Stephen R. Kay, a former Los Angeles County deputy district attorney who worked with Bugliosi on the Manson trial, said the chief prosecutor recognized the significance of the case from the beginning in a way Kay, then 27, and at least some others in the office did not.
“Another attorney had told me, ‘This is just another big case, and in five years everyone will forget about it,’” Kay said in a 2012 interview with the Times. “But Vince really understood the potential all along, that this was the case of a career.”
Kay also remembers Bugliosi’s meticulous trial preparation and ability to work effectively on very little sleep. “I don’t think I’ve ever known anybody to be as hard a worker as Vince,” Kay said. “He would go home after the trial every day, take a nap for an hour, get up and work until 3 or 4 a.m., sleep for a couple more hours and go back to work.
“And he always appeared fresh, never tired.”
In the course of the trial, Bugliosi also quietly engaged a writer, Curt Gentry, to work with him on crafting “Helter Skelter,” a detailed account of the murders and the complex court case, published in 1974.
Vincent T. Bugliosi was born in Hibbing, Minnesota, on Aug. 18, 1934, the son of Ida and Vincent Bugliosi Sr. His father ran a small grocery store and later was employed as a railroad conductor.
Bugliosi earned money as a youngster by mowing lawns, delivering newspapers and other small jobs. He also excelled at tennis, winning a state championship in Minnesota when he was 16. His family later moved to Los Angeles and Bugliosi graduated from Hollywood High School.
He attended the University of Miami on a tennis scholarship, earning a bachelor’s degree in business administration. He later received a law degree from the University of California, Los Angeles, where he was president of his 1964 graduating class.

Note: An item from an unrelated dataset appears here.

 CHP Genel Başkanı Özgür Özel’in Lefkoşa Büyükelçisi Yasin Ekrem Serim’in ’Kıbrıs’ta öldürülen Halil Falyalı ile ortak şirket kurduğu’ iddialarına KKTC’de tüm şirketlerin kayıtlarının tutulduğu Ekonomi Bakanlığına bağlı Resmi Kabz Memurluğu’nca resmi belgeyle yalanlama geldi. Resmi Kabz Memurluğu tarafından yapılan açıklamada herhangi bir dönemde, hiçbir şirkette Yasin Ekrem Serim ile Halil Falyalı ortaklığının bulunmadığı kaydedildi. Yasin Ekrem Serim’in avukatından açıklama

In 1956, he married Gail Talluto, whom he had met in college. Their daughter, Wendy, was born in 1964 and their son Vincent J. in 1966.
He is survived by his wife and two children.

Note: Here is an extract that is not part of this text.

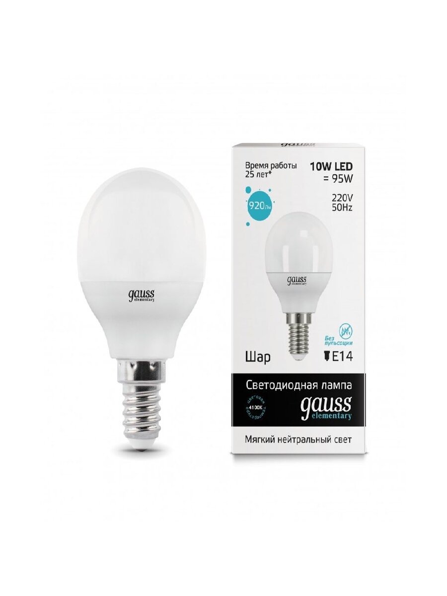 Отзывы на (20 шт.) Светодиодная лампочка Gauss Elementary Шар G45 E14 10W(730lm) 4100K 4K 86x45 матовая, пластик/алюм. 53120 Нейтральный белый. Цоколь E14

After the Manson trial propelled him into the limelight, Bugliosi ran twice for Los Angeles County district attorney. In the first race, in 1972, he forced incumbent Joseph Busch into a runoff but lost; in 1976, Bugliosi was defeated by incumbent John Van de Kamp.
After leaving the district attorney’s office, Bugliosi became a defense attorney but accepted relatively few cases. “I just don’t want to defend the same kind of people I used to send to death row,” he told The Duluth News-Tribune in 2001.
Mainly, he wrote books, more than a dozen in all, sometimes with co-authors, and always the same way, in long-hand, on a yellow legal pad.
In 1996, he published “Outrage: The Five Reasons Why O.J. Simpson Got Away With Murder,” in which he dug through the details of the case against Simpson for the deaths of his ex-wife, Nicole Brown Simpson, and her friend, Ronald Goldman. Bugliosi castigated the prosecutors and judge who handled the case as all but incompetent.
The book he considered his best was “Reclaiming History: The Assassination of President John F. Kennedy,” a 1,600-page volume published in 2007. In it, he examined the assassination and investigation in minute detail, scornfully dismissing the conspiracy theorists who questioned Lee Harvey Oswald had committed the crime and acted alone.
But he often said inevitably most conversations with him turned to the Manson case.
“Years ago, I spoke at a book convention in Richmond, Virginia,” Bugliosi told a Newsweek interviewer in 2009. “I arrived at the station at the same time as William Manchester and Arthur Schlesinger, both Pulitzer Prize winners. The whole cab ride, Manchester and Schlesinger are tossing me questions about Charles Manson: That’s all they wanted to talk about.”
He often was asked to explain the enduring interest.
“The very name Manson has become a metaphor for evil,” Bugliosi told the Times in 1994. “He has come to represent the dark and malignant side of humanity, and for whatever reason there is a side of human nature that is fascinated with ultimate evil.”
Trounson is a former Times staff writer.